Ever since the world became engulfed in the worst pandemic in a century, one question has loomed large – ‘When will this get over?’ The Economic Survey 2020-21 answers this question for India. The Survey paints a clear picture of the road to recovery.

India’s GDP plunged to a negative -23.9 per cent in the first quarter of 2020-21. Since then, it has witnessed a dramatic surge for a V-shaped recovery, with a Q2 decline of -7.5 per cent and recovery across all key indicators.

The Survey projects real GDP growth of 11 per cent in 2021-22 with nominal GDP growth of 15.4 per cent. This is in line with the International Monetary Fund’s (IMF) estimate of 11.5 per cent real GDP growth in 2021-22. The nominal GDP growth shall keep the fiscal deficit to GDP ratio in control. The Confederation of Indian Industry (CII) believes that the recovery should be supported by higher investments so that the multiplier effect is visible in the forthcoming year.

On an optimistic note, the Survey mentions the sharp rise in government expenditure with a capital expenditure of Rs 3.17 lakh crore for April-December 2020, a 24 per cent rise over the corresponding period in the previous year. The Y-o-Y growth of the total expenditure has also observed an 11 per cent rise in the same period.

The Survey notes, “Adopting a counter cyclical policy by expanding the Government expenditure – both consumption and investment – will support the GDP and minimise the output gap.” Higher government spending on infrastructure, healthcare, education, defence, and sustainability would lead to the creation of jobs, demand and boost private investment, as per the priorities outlined by CII.

The survey also highlights that in the Indian context, economic growth and inequality converge in terms of their effects on socio-economic indicators. Through various parameters, it concludes that inequality and income per capita do not diverge in their relationship with socio-economic outcomes in India. However, it mentions the need for India to focus on growth, i.e., growing the pie, which has also been the central theme of CII’s pre-Budget recommendations.

COVID-19 has brought the healthcare sector to the centre stage, and the survey calls for increased prioritization of healthcare in the Central and state Budgets. CII has been advocating for an increase in healthcare spending and has called for an increase in government spending on healthcare to 3 per cent by 2025. The Survey highlights that an increase in public health expenditure to 3 per cent of the GDP can reduce the out of pocket expenditure to 30 per cent from the current 60 per cent. CII believes that increased public healthcare expenditure would not only meet the healthcare needs of its citizens but also make India an attractive FDI destination.

The Survey highlights the Pradhan Mantri Garib Kalyan Package (PMGKP) insurance scheme for health workers fighting COVID-19 which provides an insurance cover of Rs 50 lakh to healthcare providers, including community health workers.  The economic survey also highlights the significance of Pradhan Mantri Jan Arogya Yojana (PM-JAY).

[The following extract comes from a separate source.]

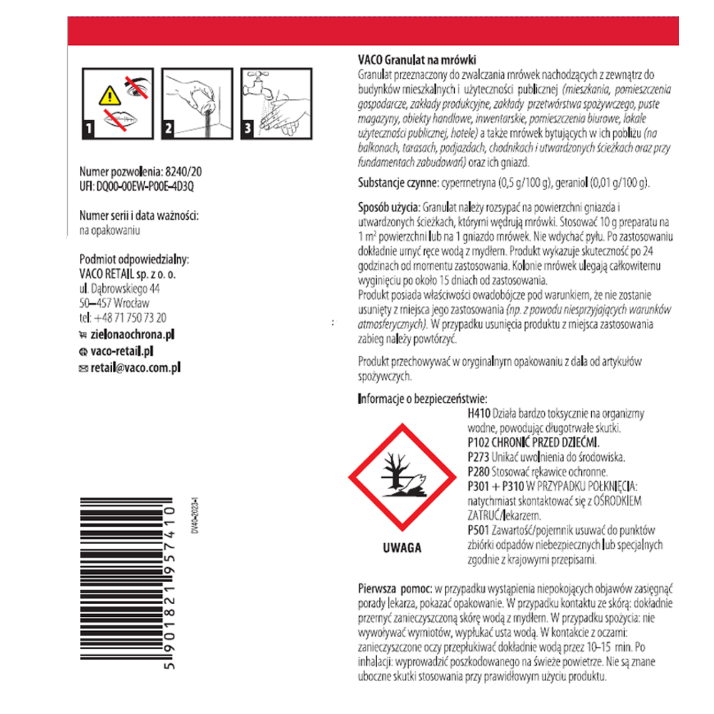 - Jako proszek do posypywania: Proszek należy wysypać na powierzchnię gniazda i na ścieżki, którymi wędrują mrówki.

It mentions that the PM-JAY enhanced health insurance coverage as the proportion of households with health insurance increased by 54 per cent for the states that implemented PM-JAY while falling by 10 per cent in states that did not. It also highlights the significant improvements in several health outcomes like infant mortality rate and under-five mortality rate. CII has called for implementing PM-JAY in all states to increase the insurance cover.

CII has been advocating for the simplification of regulations and repeal of archaic regulations. The Economic Survey points out this and acknowledges that over-regulation is the root cause of the problems of India’s administrative processes. It calls for simple regulations combined with a transparent decision-making process. The Government should move towards effective monitoring and supervision and allow for self-certification or third-party certification for regulatory compliances by industry instead of conducting the certifications that lead to various time and cost overrun issues.

Economies across the globe have shown regulatory forbearance due to the pandemic. However, the Survey cautions that forbearance should not become the staple diet. It is important to understand that the COVID-induced slowdown has adversely impacted the industry, and its stressed assets should not be considered as bad assets. Certain flexibility is required until the economy normalizes again.

The Survey also calls for strengthening the legal infrastructure for the recovery of loans, which is in line with CII’s advocacy for separate benches and strengthening the judicial infrastructure for commercial disputes to address the backlogs and delays in cases.

In the recently launched Global Innovation Index 2020 Report, India was ranked 48 amongst 131 innovation economies of the world. This is a considerable improvement from its rank in the 2014 report at 76. The Survey acknowledges that for India to become an innovation leader, greater thrust on innovation is required.

As India carries out the world’s largest vaccination drive, the Survey hopes that it would bring a robust recovery in the services sector, private consumption, and investment. It mentions that the Index of Industrial Production (IIP) and eight-core sector index have further inched up to pre-COVID levels.

As India expects to witness a current account surplus during the current financial year after a gap of 17 years and projected real GDP growth of 11 per cent in 2021-22, we are certainly on the road to recovery. The worst is behind us!